PROBLEM TO SOLVE ::
Set down each line of the material that follows, exactly, with no pictures.

INPUT DATA ::
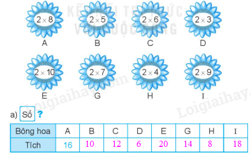 So sánh kết quả ở bốn bông hoa C, D, E, G rồi điền vào chỗ chấm.
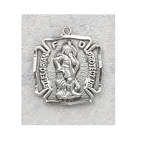 Sterling Silver St. Florian Medal with 18" Rhodium Chain in Gift Box, Patron Saint of (Patronage) Fireman, Fire Fighters, Against Battles, Against Fire, Austria, Barrel-makers, Brewers, Chimney Sweeps, Coopers, Drowning, Fire Prevention, Firefighters, Floods, Harvests, Linz Austria, Poland, Soap-boilers.: Jewelry
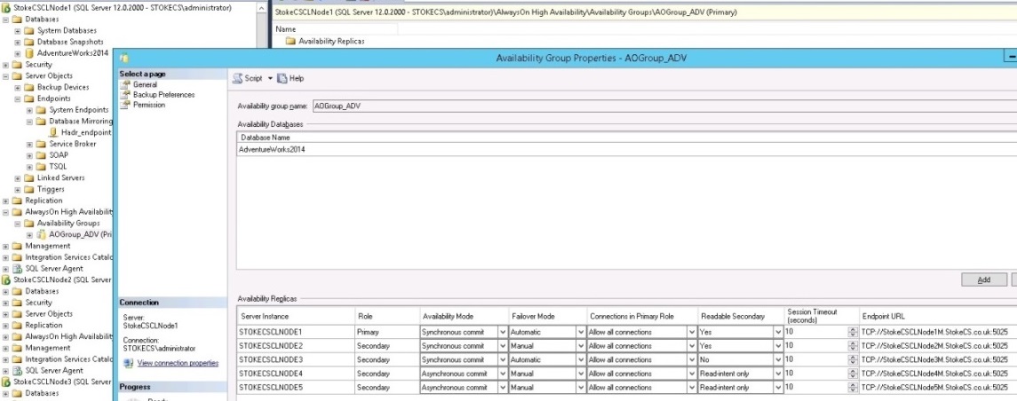 ROLE=ALL);Create the endpoints on each replica and ensure they're started. When using the Availability Group deployment wizard, you will be required to provide details of any replicas you wish to join to the group. Once the group has been created, it's time to review our deployed configuration. Below are the replica details I have used.

TASK RESULT ::
 So sánh kết quả ở bốn bông hoa C, D, E, G rồi điền vào chỗ chấm.
 Sterling Silver St. Florian Medal with 18" Rhodium Chain in Gift Box, Patron Saint of (Patronage) Fireman, Fire Fighters, Against Battles, Against Fire, Austria, Barrel-makers, Brewers, Chimney Sweeps, Coopers, Drowning, Fire Prevention, Firefighters, Floods, Harvests, Linz Austria, Poland, Soap-boilers.: Jewelry
 ROLE=ALL);Create the endpoints on each replica and ensure they're started. When using the Availability Group deployment wizard, you will be required to provide details of any replicas you wish to join to the group. Once the group has been created, it's time to review our deployed configuration. Below are the replica details I have used.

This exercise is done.